Tab is what he is
SPORTING CHANCE - Joaquin M. Henson (The Philippine Star) - June 16, 2020 - 12:00am

What you see is what you get. SBP Gilas director, Ateneo head coach and TNT coaching consultant Tab Baldwin is no hypocrite. He says what’s on his mind and doesn’t mince words. That’s how he is.

Does he think highly of himself? No doubt about it. Baldwin has the credentials to back up his self-confidence. He took New Zealand to the 2002 FIBA World Cup semifinals and the fourth place finish made him a national hero. Baldwin was head coach in three FIBA World Cups and the 2004 Olympics. He has coached the national teams of Malaysia, Lebanon, Jordan, New Zealand and the Philippines. His basketball career has brought him to coach in Turkey, Greece and Romania, too. As far as experience is concerned, Baldwin has it. At 62, he’s logged enough basketball mileage to leave an enduring legacy in the sport.

Because of his basketball knowledge, does he think lowly of Filipino coaches? Apparently. Based on his recent comments, it’s safe to assume that Baldwin believes he is the best basketball mind in the country. He rued the “tactical immaturity” of Philippine basketball coaches but said it’s “correctable.” The sweeping statement has raised a howl from BCAP and several Filipino coaches. He also criticized the PBA for what he perceives to be flaws in how it does things from officiating to competition format. That, too, has raised a howl and PBA commissioner Willie Marcial is within his rights to impose a penalty on Baldwin. In the NBA, coaches and even owners are fined for comments that the commissioner views to be detrimental to the league. Phil Jackson was slapped eight fines and paid close to $400,000. Over 50 fines have been assessed by the NBA on coaches for detrimental comments with every penny going to charity. Baldwin was set to meet with Marcial by video call yesterday afternoon, presumably to mend fences.

Is Baldwin naturally arrogant?

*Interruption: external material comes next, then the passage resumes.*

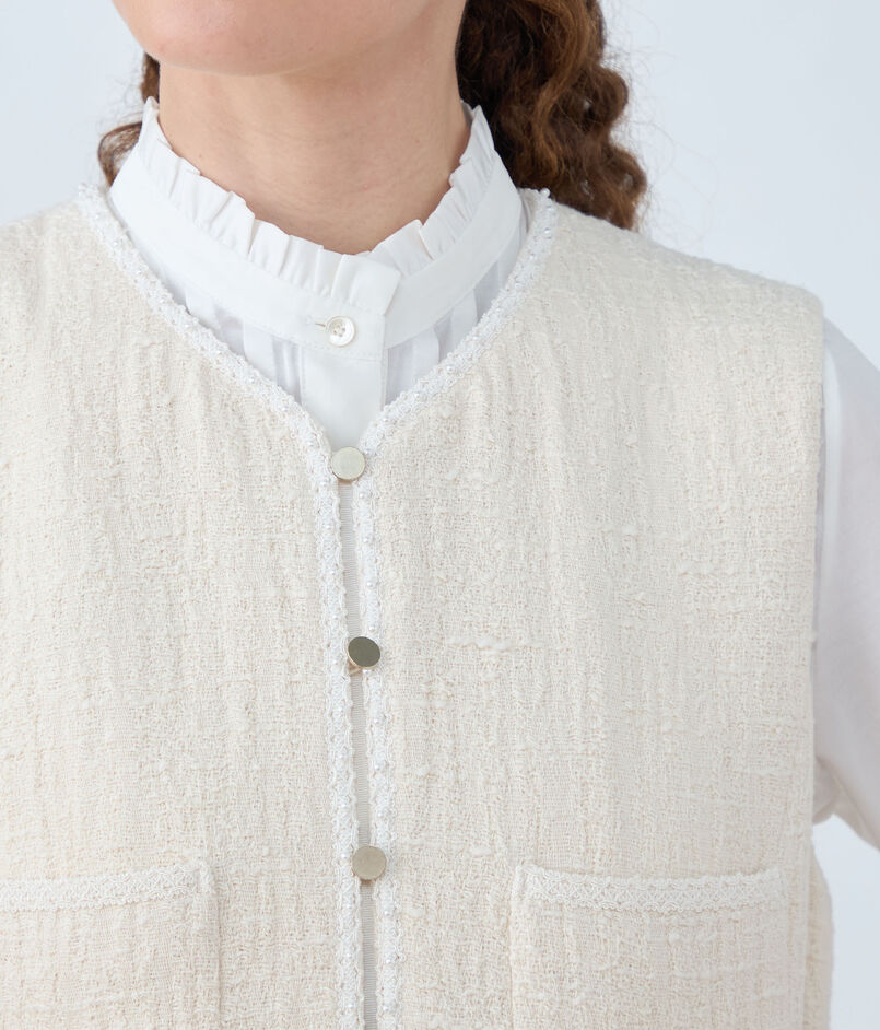 ハイネックニットやブラウスなどさまざまなトップスとのレイヤードをお楽しみいただけ、さらりと纏うだけで上品なスタイリングが決まるアイテムです。

This is better answered by the players and coaches he’s worked with. But if he’s to stay longer in the country and feel the love of the Filipino people, he has to be more endearing. He can’t be considered an “Ugly American.” He has to be a role model for everyone in the game to look up to. Before a UAAP game once, Baldwin did something unusual in planting himself at the midcourt line, eyeballing Ateneo’s opponent La Salle warming up, like a vulture about to devour its prey, not minding his own team. This act of defiance or intimidation touched a nerve among Filipino fans, regardless of affiliation. Has Baldwin ever done this in a league outside of the Philippines? Will he ever do this in a FIBA competition?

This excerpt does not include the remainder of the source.